┌──
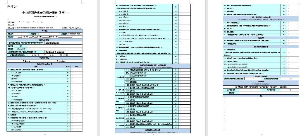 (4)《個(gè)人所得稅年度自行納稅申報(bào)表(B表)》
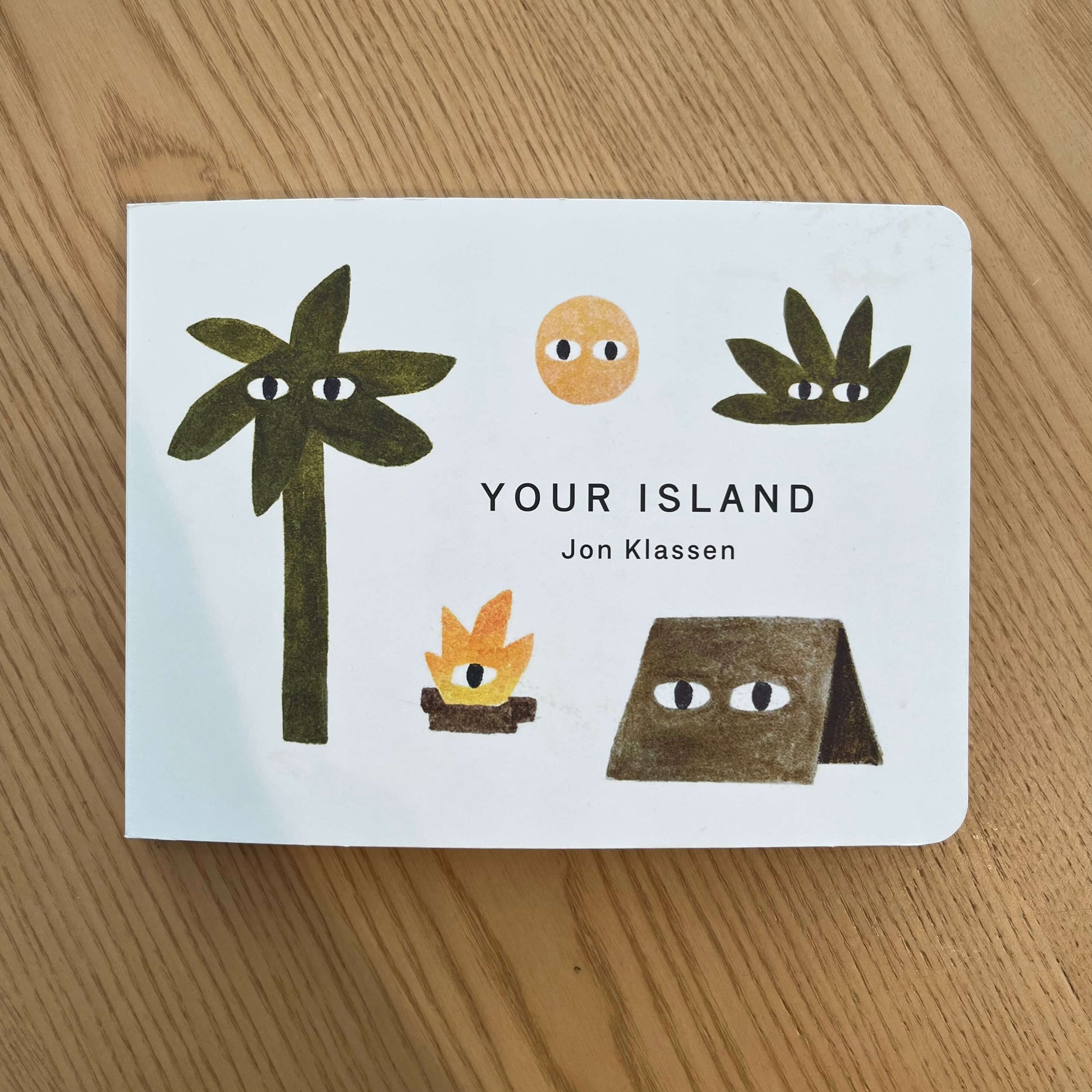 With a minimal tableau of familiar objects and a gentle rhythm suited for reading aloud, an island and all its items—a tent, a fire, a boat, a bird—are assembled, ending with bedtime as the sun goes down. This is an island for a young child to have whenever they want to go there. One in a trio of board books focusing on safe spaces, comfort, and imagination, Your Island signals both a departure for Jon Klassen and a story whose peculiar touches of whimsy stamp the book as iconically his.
└──
┌──
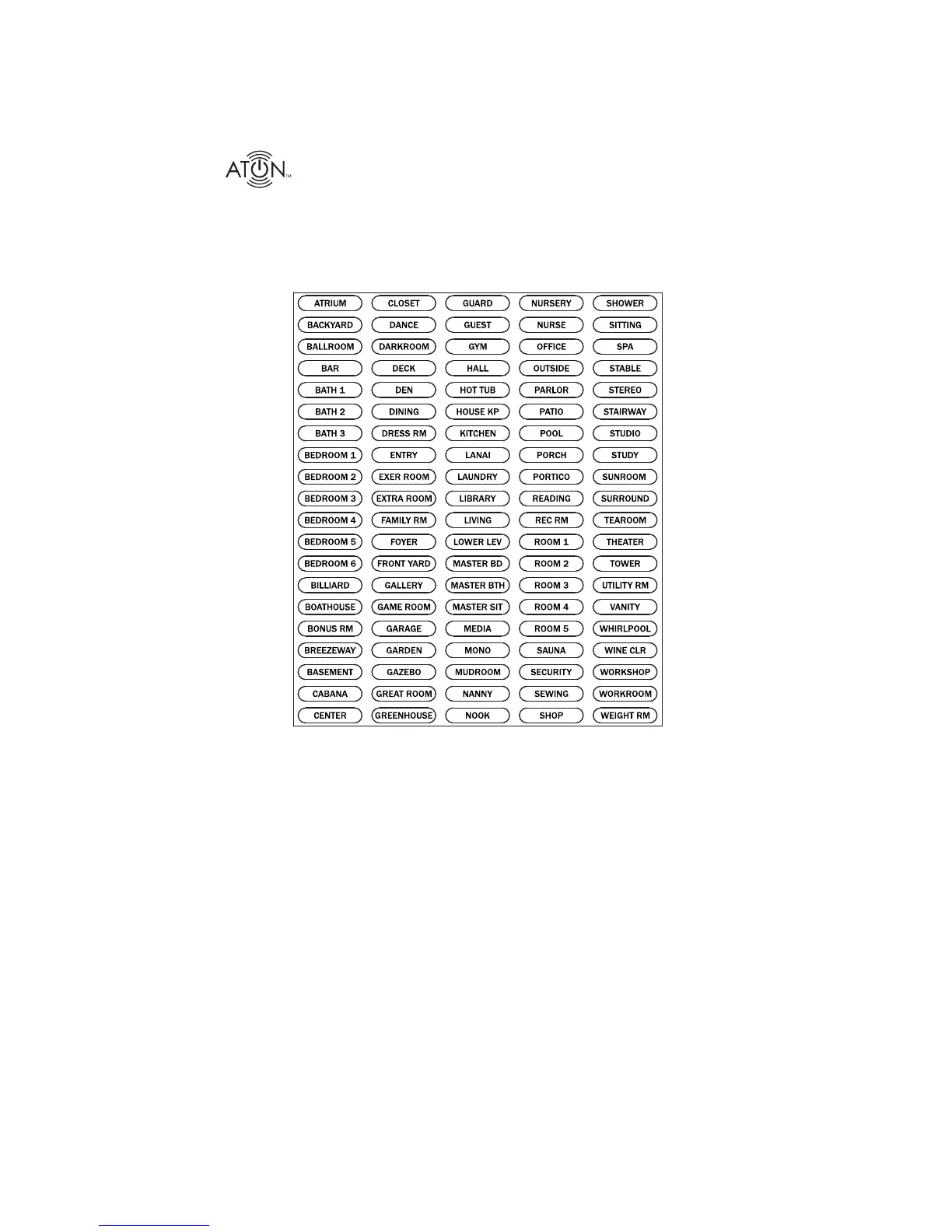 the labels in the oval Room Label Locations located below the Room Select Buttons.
└──
**ABOUT THIS TASK**
Return exactly the lines that appear in the data above between the line containing "(4)《個(gè)人所得稅年度自行納稅申報(bào)表(B表)》" and the line containing "With a minimal", both of which are included, and leave the pictures out.

**EXERCISE OUTPUT**
 (4)《個(gè)人所得稅年度自行納稅申報(bào)表(B表)》
 With a minimal tableau of familiar objects and a gentle rhythm suited for reading aloud, an island and all its items—a tent, a fire, a boat, a bird—are assembled, ending with bedtime as the sun goes down. This is an island for a young child to have whenever they want to go there. One in a trio of board books focusing on safe spaces, comfort, and imagination, Your Island signals both a departure for Jon Klassen and a story whose peculiar touches of whimsy stamp the book as iconically his.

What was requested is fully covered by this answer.